(Entries taken from a collection)
------------------------------------------------
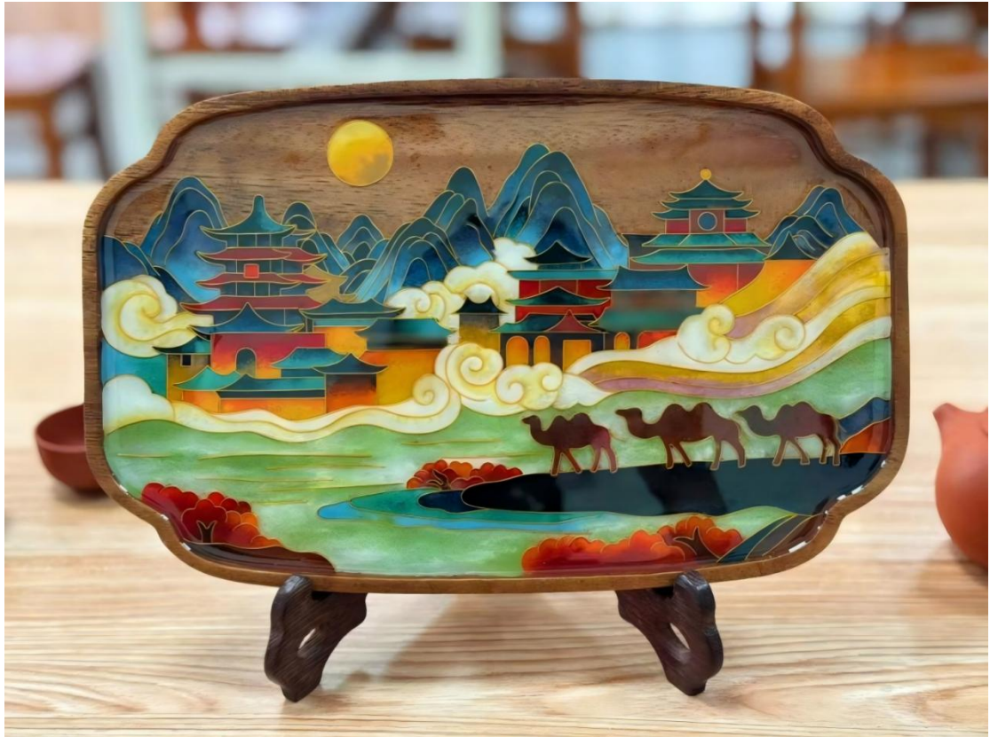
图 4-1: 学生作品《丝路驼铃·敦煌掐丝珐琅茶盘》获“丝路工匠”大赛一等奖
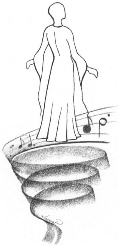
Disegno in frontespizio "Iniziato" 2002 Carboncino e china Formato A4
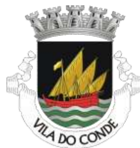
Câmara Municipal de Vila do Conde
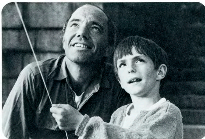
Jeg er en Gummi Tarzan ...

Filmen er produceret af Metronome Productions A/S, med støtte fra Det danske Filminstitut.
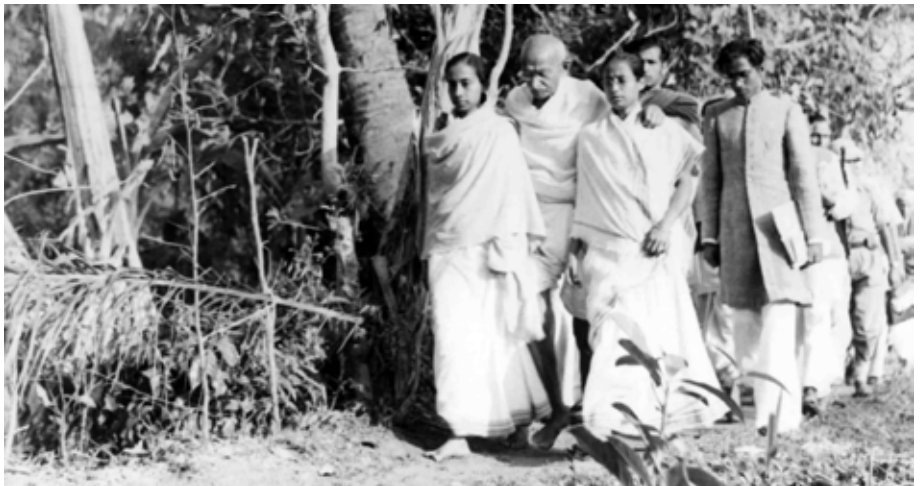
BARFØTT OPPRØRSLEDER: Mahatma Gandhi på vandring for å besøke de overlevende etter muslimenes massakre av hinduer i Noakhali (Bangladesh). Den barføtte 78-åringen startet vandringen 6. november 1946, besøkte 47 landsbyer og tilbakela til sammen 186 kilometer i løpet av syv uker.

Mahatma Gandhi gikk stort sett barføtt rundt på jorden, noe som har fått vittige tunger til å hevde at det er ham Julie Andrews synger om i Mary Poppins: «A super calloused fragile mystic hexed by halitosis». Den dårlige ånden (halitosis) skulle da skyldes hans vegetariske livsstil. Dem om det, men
------------------------------------------------
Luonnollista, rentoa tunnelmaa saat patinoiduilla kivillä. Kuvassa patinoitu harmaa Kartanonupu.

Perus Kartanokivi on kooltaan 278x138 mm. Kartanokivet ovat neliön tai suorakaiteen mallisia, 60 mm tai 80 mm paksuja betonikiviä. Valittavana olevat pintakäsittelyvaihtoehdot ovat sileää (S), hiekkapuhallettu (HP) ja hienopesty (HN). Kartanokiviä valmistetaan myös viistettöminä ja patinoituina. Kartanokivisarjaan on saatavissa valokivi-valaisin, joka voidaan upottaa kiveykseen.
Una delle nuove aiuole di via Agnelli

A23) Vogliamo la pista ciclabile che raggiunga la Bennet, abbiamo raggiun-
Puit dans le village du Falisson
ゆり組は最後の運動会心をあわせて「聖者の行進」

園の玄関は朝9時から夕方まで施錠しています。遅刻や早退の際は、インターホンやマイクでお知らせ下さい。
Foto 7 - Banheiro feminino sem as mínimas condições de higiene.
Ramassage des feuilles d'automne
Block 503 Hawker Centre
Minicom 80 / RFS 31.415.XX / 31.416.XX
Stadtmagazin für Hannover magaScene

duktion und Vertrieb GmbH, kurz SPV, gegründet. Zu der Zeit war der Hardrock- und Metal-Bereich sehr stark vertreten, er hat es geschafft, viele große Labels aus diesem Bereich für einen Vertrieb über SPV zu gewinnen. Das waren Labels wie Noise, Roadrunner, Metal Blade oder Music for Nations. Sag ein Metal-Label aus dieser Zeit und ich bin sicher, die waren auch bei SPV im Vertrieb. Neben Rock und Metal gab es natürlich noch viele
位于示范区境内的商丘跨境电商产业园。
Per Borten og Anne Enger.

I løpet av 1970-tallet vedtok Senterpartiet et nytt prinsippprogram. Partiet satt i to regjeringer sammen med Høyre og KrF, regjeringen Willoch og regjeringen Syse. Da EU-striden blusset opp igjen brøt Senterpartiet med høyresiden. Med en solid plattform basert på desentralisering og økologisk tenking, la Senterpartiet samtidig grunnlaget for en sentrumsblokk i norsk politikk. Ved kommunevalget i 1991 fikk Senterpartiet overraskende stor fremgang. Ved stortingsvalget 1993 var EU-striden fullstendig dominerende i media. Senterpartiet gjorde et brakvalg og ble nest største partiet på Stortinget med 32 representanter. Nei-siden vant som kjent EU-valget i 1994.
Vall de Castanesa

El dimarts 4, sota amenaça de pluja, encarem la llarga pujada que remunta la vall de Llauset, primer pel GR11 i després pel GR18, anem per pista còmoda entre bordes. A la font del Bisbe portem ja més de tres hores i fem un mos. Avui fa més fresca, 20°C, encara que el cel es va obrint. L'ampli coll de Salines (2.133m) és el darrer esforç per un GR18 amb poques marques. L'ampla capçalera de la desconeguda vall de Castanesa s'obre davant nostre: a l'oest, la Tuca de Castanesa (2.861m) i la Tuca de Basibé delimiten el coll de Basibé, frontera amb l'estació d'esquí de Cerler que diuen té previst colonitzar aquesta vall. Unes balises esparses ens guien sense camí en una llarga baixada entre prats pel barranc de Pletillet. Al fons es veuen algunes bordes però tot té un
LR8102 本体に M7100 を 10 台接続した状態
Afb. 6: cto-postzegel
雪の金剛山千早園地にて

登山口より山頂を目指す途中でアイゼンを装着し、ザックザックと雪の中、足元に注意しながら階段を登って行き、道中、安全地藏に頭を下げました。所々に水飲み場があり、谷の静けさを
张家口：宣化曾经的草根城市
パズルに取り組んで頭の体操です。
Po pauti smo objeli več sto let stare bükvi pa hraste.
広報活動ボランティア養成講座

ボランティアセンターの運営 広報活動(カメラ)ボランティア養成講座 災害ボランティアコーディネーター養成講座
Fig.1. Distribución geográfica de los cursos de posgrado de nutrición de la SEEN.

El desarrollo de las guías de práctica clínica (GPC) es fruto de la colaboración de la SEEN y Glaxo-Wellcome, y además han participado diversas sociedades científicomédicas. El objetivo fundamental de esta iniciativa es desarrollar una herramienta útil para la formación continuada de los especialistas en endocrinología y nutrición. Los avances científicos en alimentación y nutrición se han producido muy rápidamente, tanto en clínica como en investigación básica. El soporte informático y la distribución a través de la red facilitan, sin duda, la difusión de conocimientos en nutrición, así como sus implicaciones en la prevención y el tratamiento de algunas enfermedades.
------------------------------------------------
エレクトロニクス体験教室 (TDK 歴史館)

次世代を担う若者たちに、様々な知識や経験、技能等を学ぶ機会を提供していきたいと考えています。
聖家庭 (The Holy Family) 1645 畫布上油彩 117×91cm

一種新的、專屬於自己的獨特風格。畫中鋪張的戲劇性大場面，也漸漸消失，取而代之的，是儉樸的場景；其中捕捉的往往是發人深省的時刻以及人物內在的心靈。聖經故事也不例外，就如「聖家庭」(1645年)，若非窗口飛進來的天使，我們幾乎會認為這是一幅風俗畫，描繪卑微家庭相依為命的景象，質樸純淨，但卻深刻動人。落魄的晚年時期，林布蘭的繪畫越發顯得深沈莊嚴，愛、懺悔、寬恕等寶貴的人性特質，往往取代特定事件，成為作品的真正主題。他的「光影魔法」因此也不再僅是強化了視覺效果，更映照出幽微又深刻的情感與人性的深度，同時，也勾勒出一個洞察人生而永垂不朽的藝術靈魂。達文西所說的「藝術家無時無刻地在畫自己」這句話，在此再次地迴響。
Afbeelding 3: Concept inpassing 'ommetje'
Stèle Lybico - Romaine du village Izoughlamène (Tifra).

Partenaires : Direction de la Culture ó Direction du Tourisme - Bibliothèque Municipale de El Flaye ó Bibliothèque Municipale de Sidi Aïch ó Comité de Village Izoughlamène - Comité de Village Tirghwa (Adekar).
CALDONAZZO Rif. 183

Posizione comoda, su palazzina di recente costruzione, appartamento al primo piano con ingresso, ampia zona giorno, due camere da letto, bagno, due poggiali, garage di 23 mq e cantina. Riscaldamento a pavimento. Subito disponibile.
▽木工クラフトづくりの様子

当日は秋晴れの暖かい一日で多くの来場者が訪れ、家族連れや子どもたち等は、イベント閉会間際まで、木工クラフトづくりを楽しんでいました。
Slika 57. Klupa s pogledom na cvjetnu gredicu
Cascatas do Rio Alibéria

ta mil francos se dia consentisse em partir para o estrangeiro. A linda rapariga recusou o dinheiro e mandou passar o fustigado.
------------------------------------------------
Looking at the data above, write out exactly the lines that start at the one containing "Puit dans le village du Falisson" and end at the one containing "Per Borten og Anne Enger."; include both and nothing beyond.

Puit dans le village du Falisson
ゆり組は最後の運動会心をあわせて「聖者の行進」

園の玄関は朝9時から夕方まで施錠しています。遅刻や早退の際は、インターホンやマイクでお知らせ下さい。
Foto 7 - Banheiro feminino sem as mínimas condições de higiene.
Ramassage des feuilles d'automne
Block 503 Hawker Centre
Minicom 80 / RFS 31.415.XX / 31.416.XX
Stadtmagazin für Hannover magaScene

duktion und Vertrieb GmbH, kurz SPV, gegründet. Zu der Zeit war der Hardrock- und Metal-Bereich sehr stark vertreten, er hat es geschafft, viele große Labels aus diesem Bereich für einen Vertrieb über SPV zu gewinnen. Das waren Labels wie Noise, Roadrunner, Metal Blade oder Music for Nations. Sag ein Metal-Label aus dieser Zeit und ich bin sicher, die waren auch bei SPV im Vertrieb. Neben Rock und Metal gab es natürlich noch viele
位于示范区境内的商丘跨境电商产业园。
Per Borten og Anne Enger.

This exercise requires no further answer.